Obama Overturns War on Science

[Link: Rolling Stone : National Affairs Daily]
"I am also signing a Presidential Memorandum directing the head of the White House Office of Science and Technology Policy to develop a strategy for restoring scientific integrity to government decision making. To ensure that in this new Administration, we base our public policies on the soundest science; that we appoint scientific advisors based on their credentials and experience, not their politics or ideology; and that we are open and honest with the American people about the science behind our decisions."
This is very good news from the Obama Administration. For too long Science has been relegated to the status of "just another bit of noise in the political spectrum" by commentators whose opinions don't stand up to formal scientific scrutiny. If we are ever to protect ourselves from the energy/climate double whammy that is approaching us, we are going to need the assistance of unbiased scientific analysis.

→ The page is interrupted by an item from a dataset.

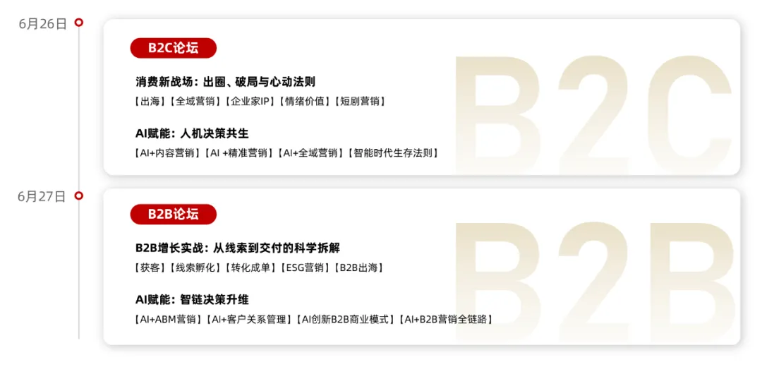B2C论坛:聚焦「消费新战场」,从跨境出圈到短剧破局,深度解码消费者的“心动法则”;开启「人机决策共生」实验,揭示AI如何从数据分析者进化为消费决策的共谋者。

Wednesday, February 25, 2009

Carbon dioxide emissions could last millenniums

[Link: McClatchy Washington Bureau]
"Ultimately, the amount of fossil fuel available could be enough to raise the atmospheric CO2 concentration higher than it has been in millions of years,"

Most of us are still thinking of climate change like we think of other natural disasters such as earthquakes, tornados and floods. They come, we recover and adjust, then things return to normal. As this article attests, Climate Change is not that kind of disaster. For all intents and purposes, Climate Change is forever. We have loaded up the atmosphere with carbon compounds that have been locked away in the earth's crust for hundreds of millions of years and that carbon is not going to go away quickly.

We have essentially done two permanent things. We have used up a significant portion of the irreplaceable hydrocarbon supply that we once had available, most of the easy supply in fact, and we have used it in such a way that the atmosphere has been drastically modified for the foreseeable future. These two effects now define the new world that we are living in and will be living in from now on.

We are far from accepting this new reality. Society works in slow motion even when things are obvious so a slowly evolving, ill-defined new reality isn't likely to get a quick response. As the consequences of these effects (reduced energy supply and more extreme weather) become apparent we will, of course, have to deal with them but we really should begin to prepare now. The longer we wait the harder it will become.